Visto que dezenas de doenças apresentam sintomas que podem ser observadas nos olhos, os oftalmologistas e optometristas estão entre os primeiros profissionais a identificar certas condições médicas. Dados de um estudo com 120.000 pacientes sugerem que um exame oftalmológico pode ser a primeira indicação de problemas em 39% das pessoas com pressão alta e 34% das pessoas com diabetes.

A Dra. Rachel Bishop, chefe do serviço de consulta do National Eye Institute, que não participou do estudo, confirmou os resultados da pesquisa, dizendo à CNN:

“Se os vasos sanguíneos da retina não são saudáveis, há motivos para acreditar que os vasos sanguíneos do cérebro também não sejam. O suprimento de vasos sanguíneos é essencial para todas as funções — a função de todos os órgãos — e, se os vasos sanguíneos não puderem fazer seu trabalho, não há como o cérebro estar funcionando tão bem quanto um cérebro com um bom suprimento [de sangue]."

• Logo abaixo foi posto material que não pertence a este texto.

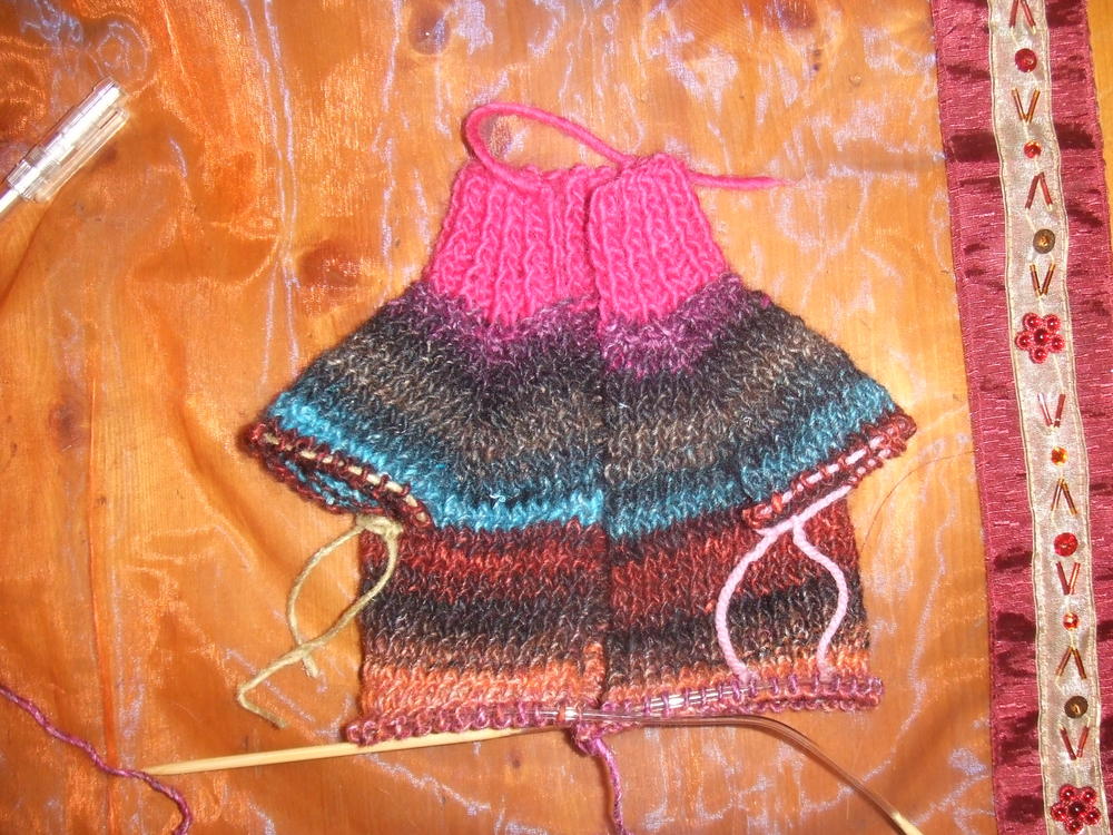 хихи,подмышки- там,где у тебя булавочки болтаются:smile:)) Вот оттуда и надо было вязать все вместе а не делить:wink:
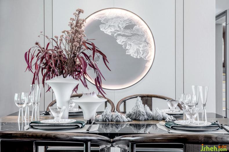 設計師將東方的“天人合一”化作設計的“關系美學”。入內,客廳軒敞明亮,別有寬境,優(yōu)雅簡練在延綿的景觀中隨性而行,返璞歸真。山形、磷光、飛鳥等元素運用細膩且豐盛,畫中有景,景中有致在靛青淺墨的空間中,樣板房設計光與元素交織遞進,組合成均衡和秩序感的原型。
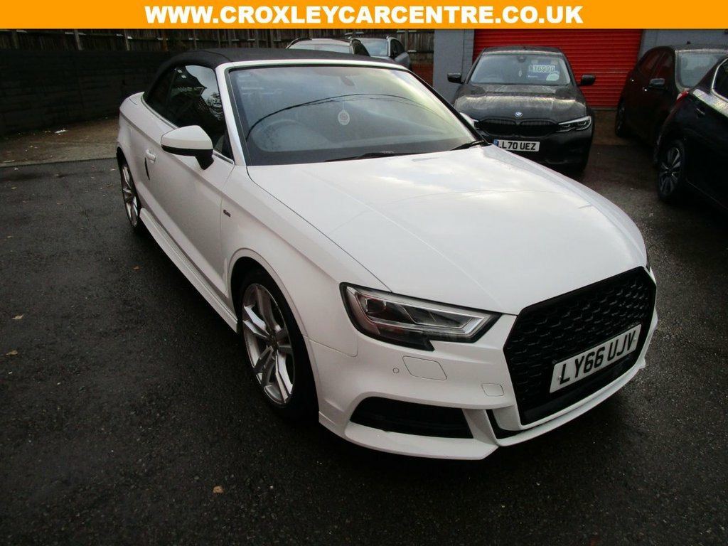 Croxley Car Centre are pleased to offer this great example of the Audi A3 S-Line Convertible. A 2016 (66 registration) 1.4ltr Petrol Automatic 2 door in White covered only 51300 miles and supplied with a excellent service history, (6 stamps in total) main dealer/independent with a cambelt change having been carried out at 24993 miles. Coming with great features including heated front seats. Tailored finance packages available, part exchange welcome and we do not charge any admin fee's. Glacier White, Seats - Heated Front, 18in Alloy Wheels - 5-Parallel Spoke Des, 2 x USB Charging Ports and 1 x AUX-IN, Acoustic Hood - Fully Automatic, Active Bonnet, Active Roll-Over Protection System, Adaptive Brake Lights, Air Vents - Aluminium Look, Airbags, Aluminium Interior Elements, Aluminium Window Trims, Anti Theft Locking Wheel Bolts, Anti-Theft Alarm, Audi Connect Infotainment Services - 3 M, Audi Drive Select, Audi Smartphone Interface, Black Hood, Bluetooth Interface, Body Coloured Door Mirrors, CD Drive, Chrome-Plated Exhaust Tailpipe Trim, Cloth Headlining in Black, Colour Drivers Information System - DIS, Cruise Control, Cupholders, DAB Digital Radio, Door Mirrors - Electrica
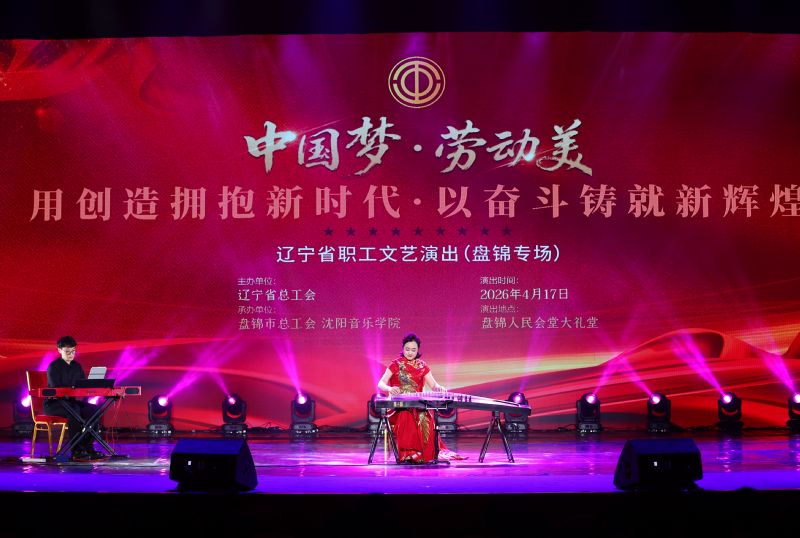 4月17日晚,由辽宁省总工会主办,盘锦市总工会、沈阳音乐学院共同承办的“中国梦·劳动美——用创造拥抱新时代 以奋斗铸就新辉煌”辽宁省职工文艺演出(盘锦专场),在盘锦人民会堂大礼堂精彩上演。此次演出是2026年省总工会送戏到基层系列活动之一,也是“中国梦•劳动美”系列主题教育活动职工文艺巡演的第三站。省总工会、盘锦市有关领导、沈阳音乐学院副院长张庆玫,盘锦市劳动模范、一线职工、工会干部代表共600余人观看了这场致敬劳动的文艺盛宴。
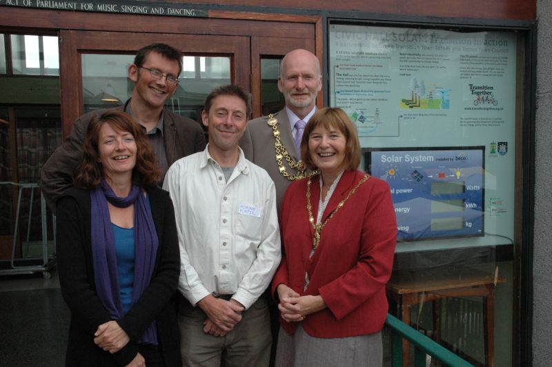 With the new display and monitor outside the Civic Hall (left to right) Fiona Ward (Transition Streets), Rob Hopkins, Adrian Porter (Transition Streets), Cllr Tony Whitty (Totnes Mayor), Carole Whitty (Lady Mayor).
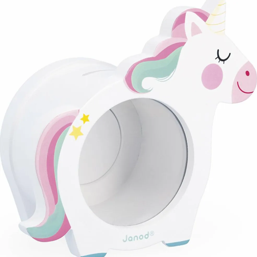 Apprenez la magie de l’épargne dès le plus jeune âge avec la Tirelire en bois Licorne de Janod !

Quando perguntada sobre sua opinião relacionada à triagem do olho e da retina para possíveis condições negativas no cérebro, como perda de memória, Bishop disse: “Compartilho uma esperança comum de que possamos detectar essas condições com antecedência suficiente e fazer intervenções para mudar o curso de um evento [cerebral] negativo".

Já pensou que, quando enganado por uma ilusão ótica, sua visão foi alterada de alguma forma? Pois não foi. Uma ilusão é a diferença entre o que os olhos veem e o cérebro entende.

Essa função da visão é estudada há anos por profissionais de marketing e psicologia. Alguns sugerem que ela tem um papel na sua percepção atual da pandemia.

A ilusão de White é criada utilizando padrões de luz e escuridão

Uma das primeiras ilusões utilizadas em testes é conhecida como Ilusão de White. Michael White, da universidade de Adelaide, Australia, estava lendo um livro em 1976 no qual o desenho de um aluno do terceiro ano do segundo grau foi publicado. Ele tinha elementos de preto, branco e cinza que aparentavam ter diferentes tons de luz e escuridão.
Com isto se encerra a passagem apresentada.